:: Data shown ::

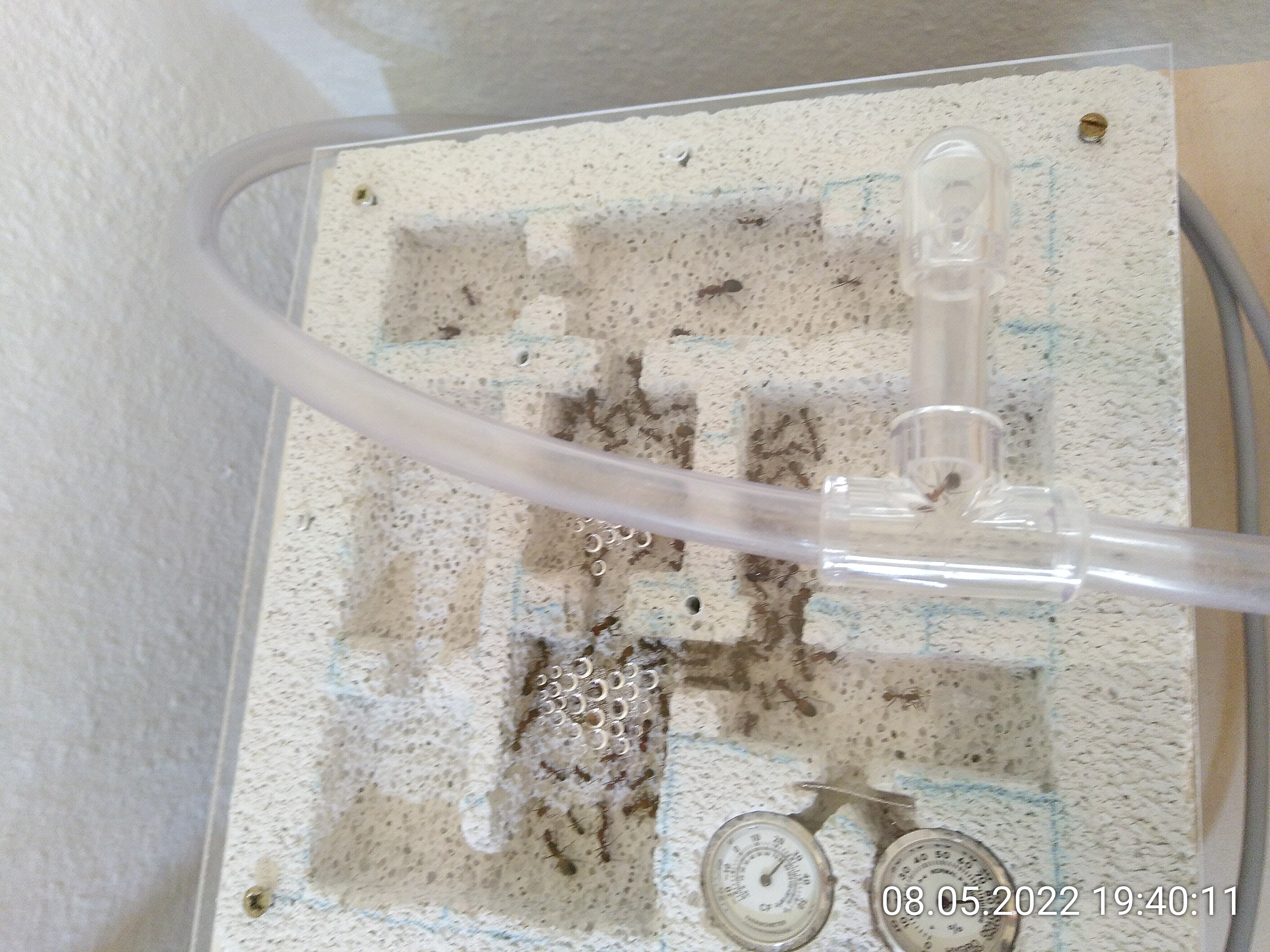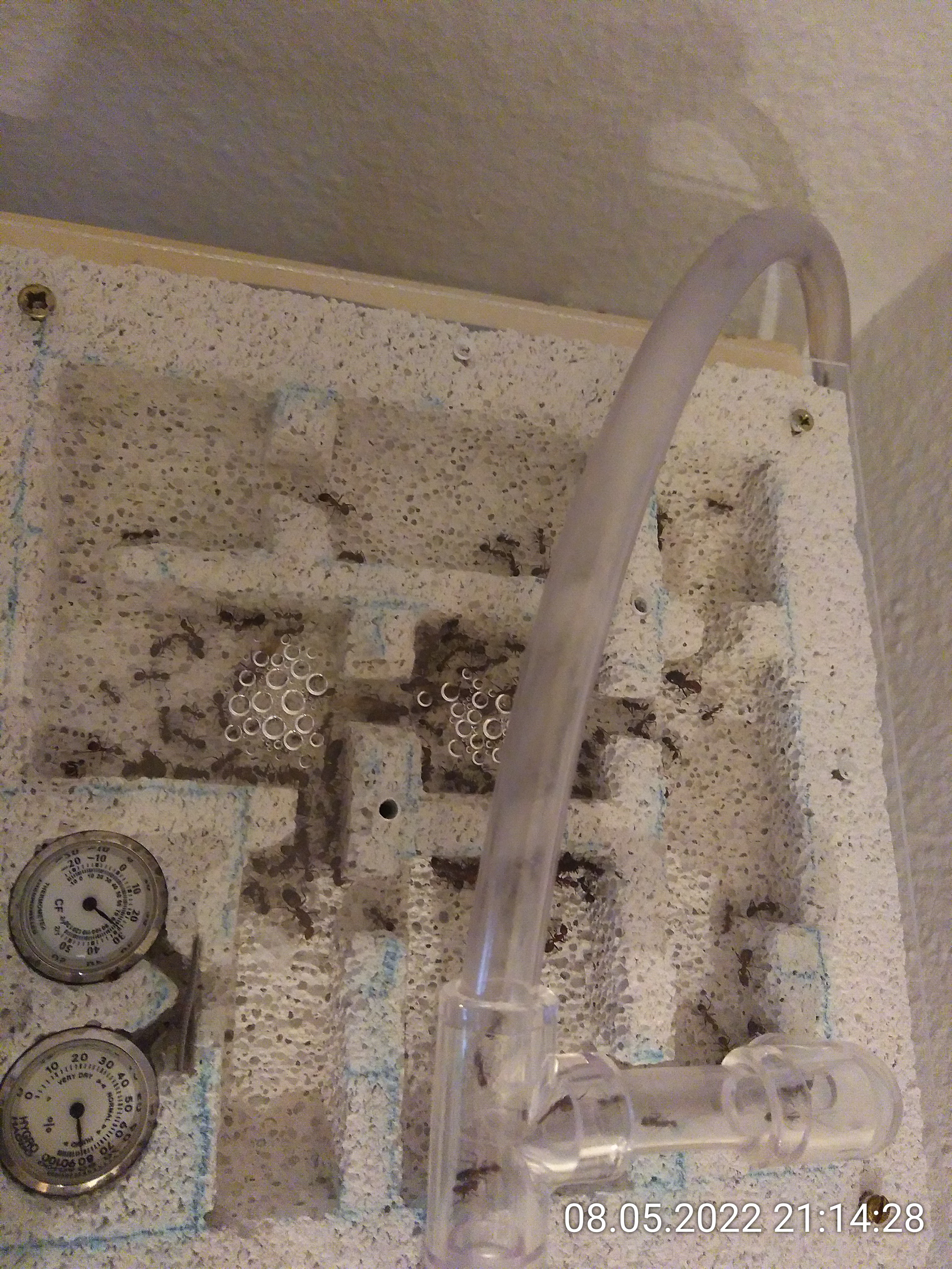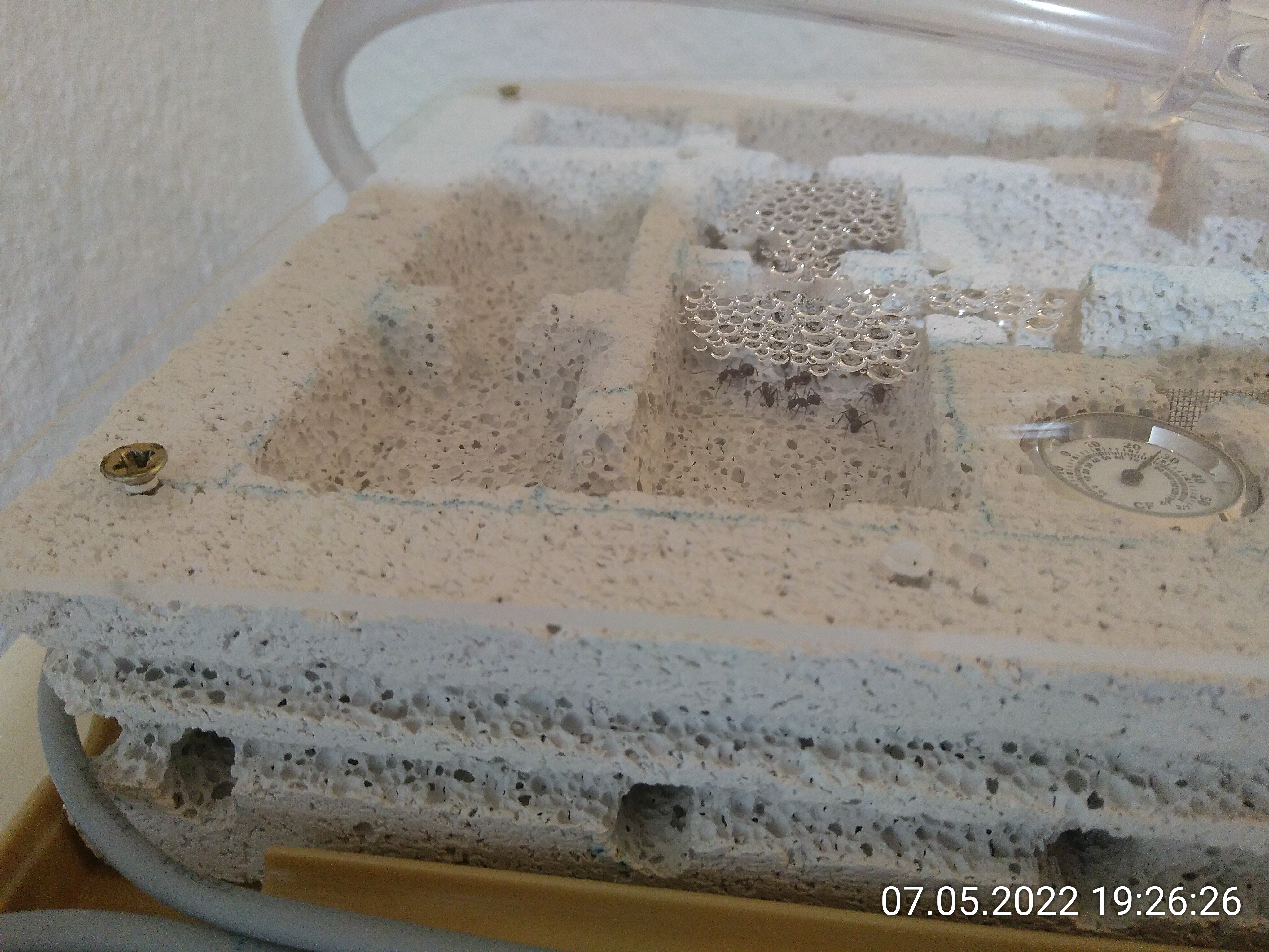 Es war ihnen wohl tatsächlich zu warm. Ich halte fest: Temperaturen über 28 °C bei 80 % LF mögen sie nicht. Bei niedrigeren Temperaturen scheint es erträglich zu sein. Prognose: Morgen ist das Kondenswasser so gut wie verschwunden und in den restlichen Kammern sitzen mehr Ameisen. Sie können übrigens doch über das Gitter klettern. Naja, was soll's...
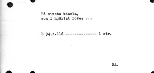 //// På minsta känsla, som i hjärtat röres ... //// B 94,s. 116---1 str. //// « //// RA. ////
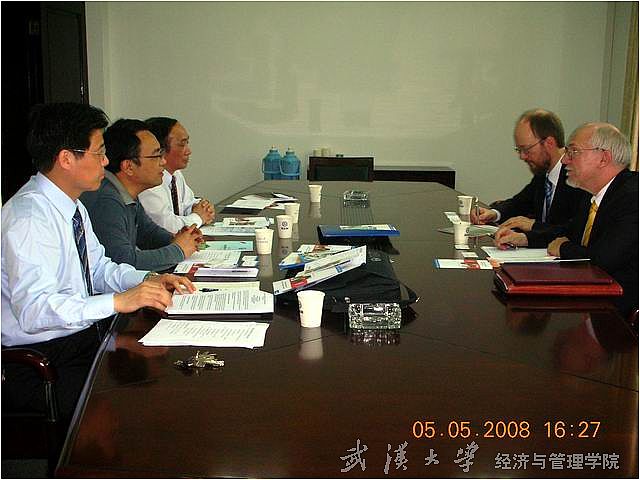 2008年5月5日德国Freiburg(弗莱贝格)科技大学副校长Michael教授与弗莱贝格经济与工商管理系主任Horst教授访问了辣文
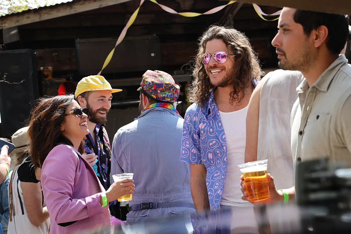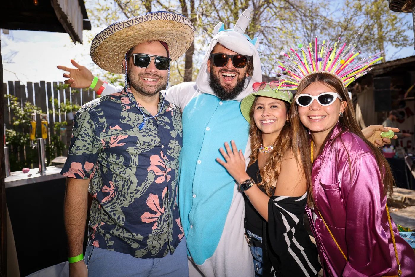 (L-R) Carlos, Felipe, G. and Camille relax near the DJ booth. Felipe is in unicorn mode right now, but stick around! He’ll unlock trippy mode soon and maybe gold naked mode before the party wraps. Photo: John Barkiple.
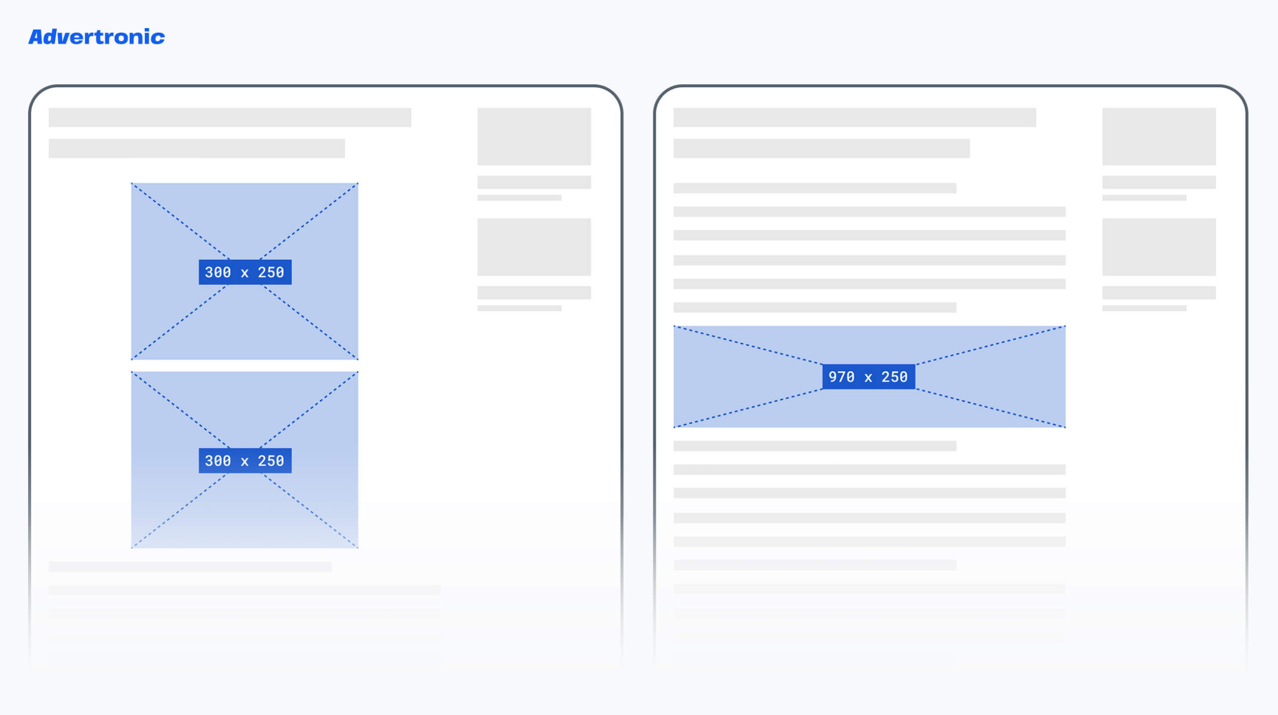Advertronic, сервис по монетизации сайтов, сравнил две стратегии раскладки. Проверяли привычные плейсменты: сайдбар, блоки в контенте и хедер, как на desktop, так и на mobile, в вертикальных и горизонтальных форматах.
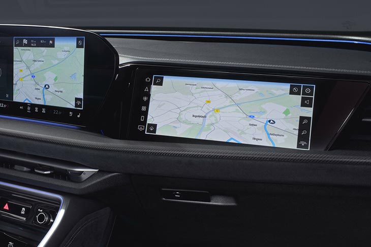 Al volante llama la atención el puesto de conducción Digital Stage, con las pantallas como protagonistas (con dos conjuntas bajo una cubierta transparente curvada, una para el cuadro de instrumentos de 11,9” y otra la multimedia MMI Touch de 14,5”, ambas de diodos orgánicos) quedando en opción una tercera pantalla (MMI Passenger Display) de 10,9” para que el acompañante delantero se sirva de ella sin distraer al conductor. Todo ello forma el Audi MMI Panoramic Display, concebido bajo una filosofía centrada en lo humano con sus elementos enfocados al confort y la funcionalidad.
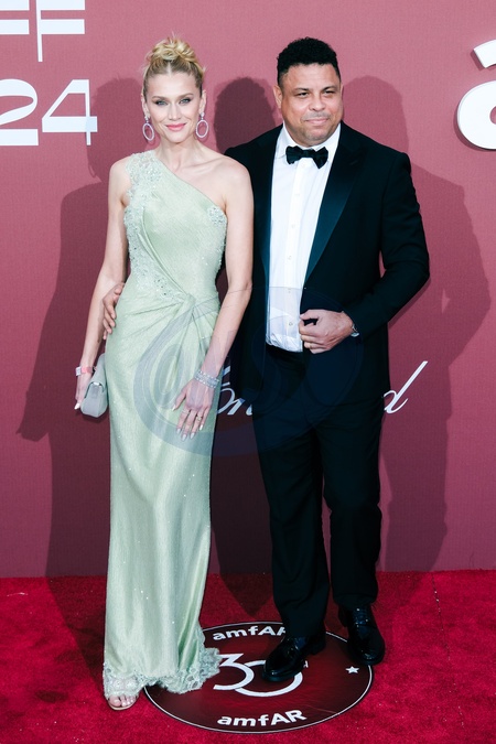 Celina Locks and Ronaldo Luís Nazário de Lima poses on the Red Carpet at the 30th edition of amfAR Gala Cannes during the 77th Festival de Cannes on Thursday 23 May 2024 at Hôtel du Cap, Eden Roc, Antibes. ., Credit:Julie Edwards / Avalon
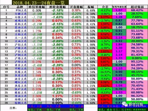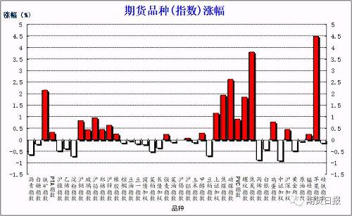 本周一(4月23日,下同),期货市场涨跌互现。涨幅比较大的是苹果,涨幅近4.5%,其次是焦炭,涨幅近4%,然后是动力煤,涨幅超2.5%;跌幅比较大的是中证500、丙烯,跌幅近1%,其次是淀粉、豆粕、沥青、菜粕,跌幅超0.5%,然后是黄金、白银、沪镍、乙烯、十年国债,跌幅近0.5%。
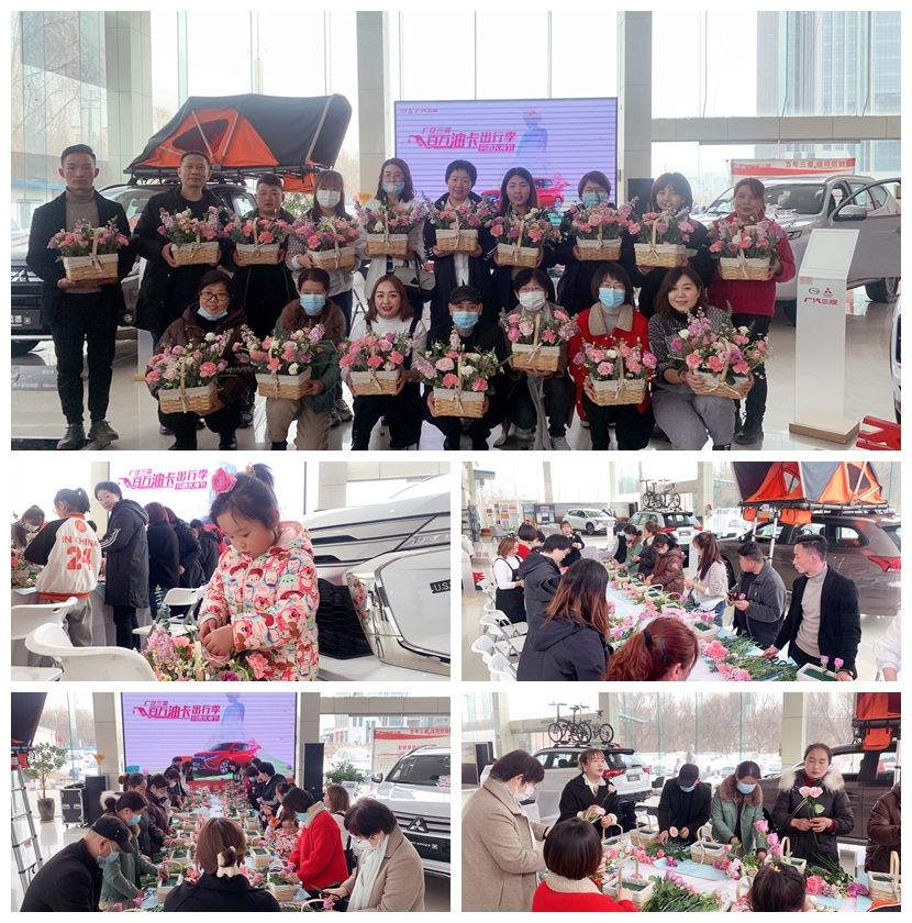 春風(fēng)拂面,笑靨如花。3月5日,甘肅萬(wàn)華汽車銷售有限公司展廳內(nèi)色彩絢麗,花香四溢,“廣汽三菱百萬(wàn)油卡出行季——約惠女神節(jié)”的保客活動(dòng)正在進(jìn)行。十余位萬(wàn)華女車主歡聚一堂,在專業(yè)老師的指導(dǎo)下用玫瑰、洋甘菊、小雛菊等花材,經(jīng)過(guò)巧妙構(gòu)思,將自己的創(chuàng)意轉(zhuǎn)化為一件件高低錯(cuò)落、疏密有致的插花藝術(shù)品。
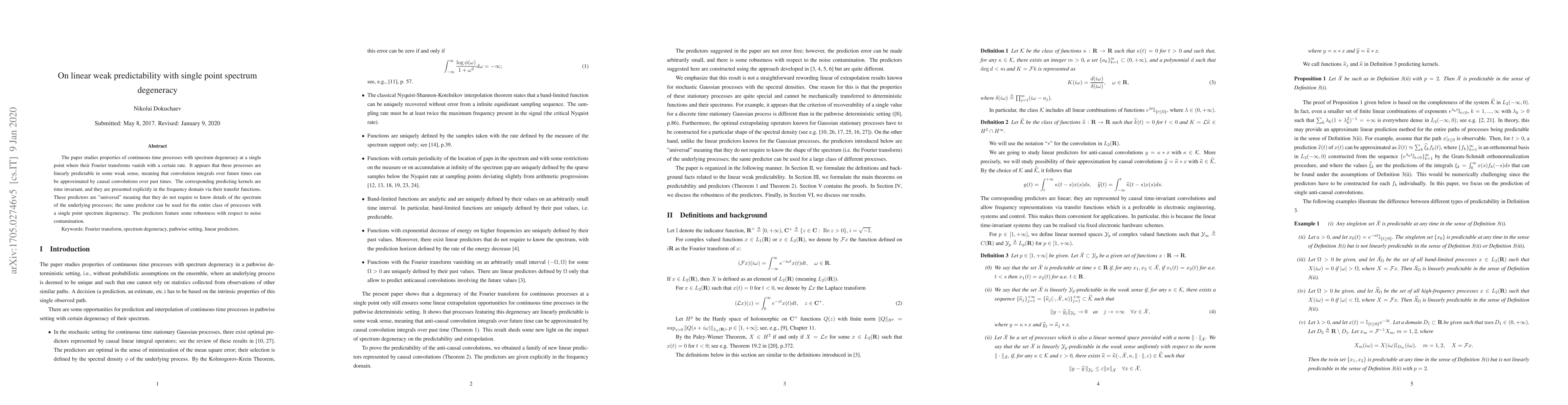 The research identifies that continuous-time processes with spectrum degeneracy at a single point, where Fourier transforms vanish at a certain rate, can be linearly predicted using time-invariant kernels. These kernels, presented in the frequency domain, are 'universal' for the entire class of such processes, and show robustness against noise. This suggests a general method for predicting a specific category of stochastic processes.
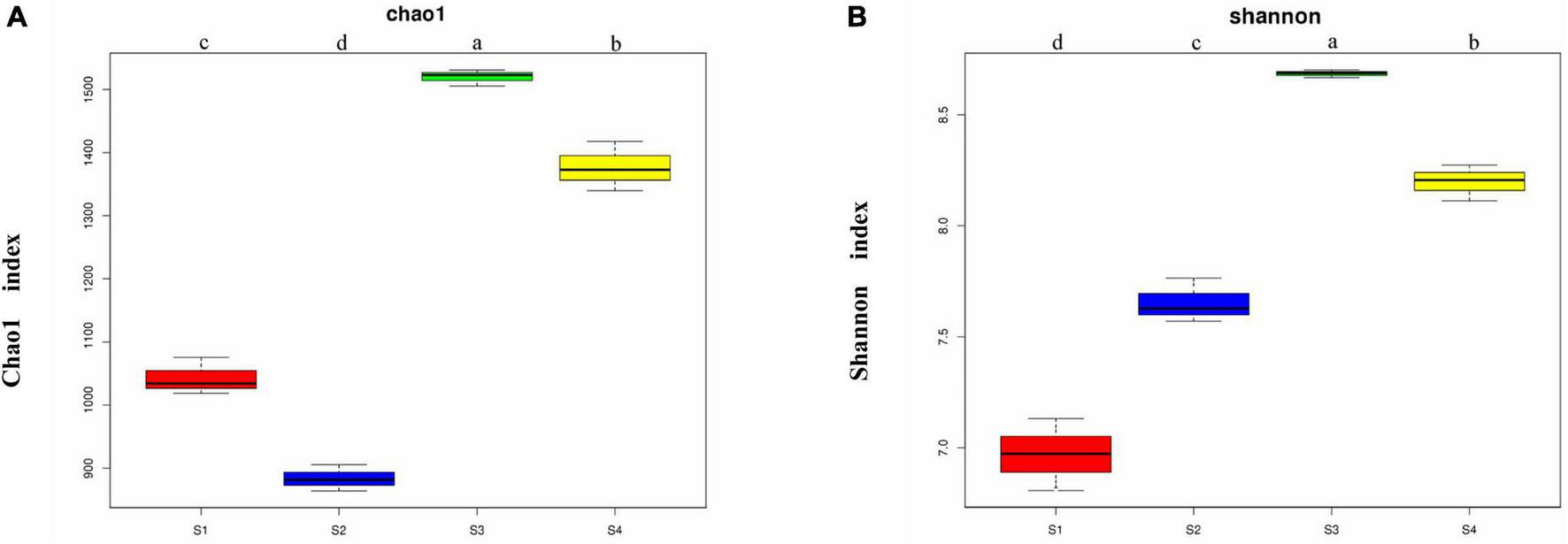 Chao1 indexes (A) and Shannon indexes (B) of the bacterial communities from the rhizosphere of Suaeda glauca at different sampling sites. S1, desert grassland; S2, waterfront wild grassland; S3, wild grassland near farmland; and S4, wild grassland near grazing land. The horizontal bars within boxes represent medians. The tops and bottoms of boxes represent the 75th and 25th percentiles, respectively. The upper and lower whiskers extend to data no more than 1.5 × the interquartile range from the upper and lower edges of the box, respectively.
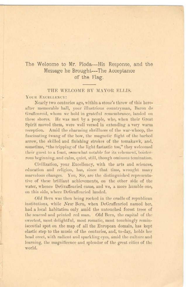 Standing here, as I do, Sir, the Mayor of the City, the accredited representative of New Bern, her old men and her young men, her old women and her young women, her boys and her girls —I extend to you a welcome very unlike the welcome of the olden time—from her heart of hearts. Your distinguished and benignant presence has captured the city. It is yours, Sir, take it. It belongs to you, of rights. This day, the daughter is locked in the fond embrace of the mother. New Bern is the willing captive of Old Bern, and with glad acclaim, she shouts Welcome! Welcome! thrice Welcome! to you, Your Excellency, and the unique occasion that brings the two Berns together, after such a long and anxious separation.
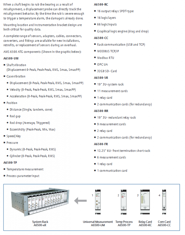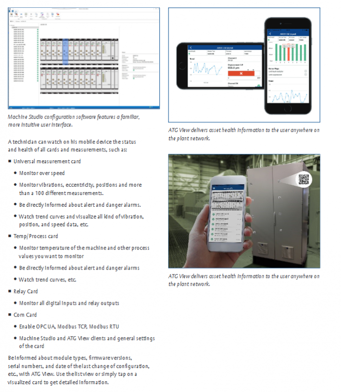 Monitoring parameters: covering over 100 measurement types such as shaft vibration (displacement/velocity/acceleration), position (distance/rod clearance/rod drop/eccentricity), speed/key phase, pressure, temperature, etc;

:::

**About this exercise:** Starting at the first line of the data, set down each line exactly until you have copied the line with "Advertronic, сервис по", but leave the pictures out.

**Reply:**
 Es war ihnen wohl tatsächlich zu warm. Ich halte fest: Temperaturen über 28 °C bei 80 % LF mögen sie nicht. Bei niedrigeren Temperaturen scheint es erträglich zu sein. Prognose: Morgen ist das Kondenswasser so gut wie verschwunden und in den restlichen Kammern sitzen mehr Ameisen. Sie können übrigens doch über das Gitter klettern. Naja, was soll's...
 //// På minsta känsla, som i hjärtat röres ... //// B 94,s. 116---1 str. //// « //// RA. ////
 2008年5月5日德国Freiburg(弗莱贝格)科技大学副校长Michael教授与弗莱贝格经济与工商管理系主任Horst教授访问了辣文
 (L-R) Carlos, Felipe, G. and Camille relax near the DJ booth. Felipe is in unicorn mode right now, but stick around! He’ll unlock trippy mode soon and maybe gold naked mode before the party wraps. Photo: John Barkiple.
Advertronic, сервис по монетизации сайтов, сравнил две стратегии раскладки. Проверяли привычные плейсменты: сайдбар, блоки в контенте и хедер, как на desktop, так и на mobile, в вертикальных и горизонтальных форматах.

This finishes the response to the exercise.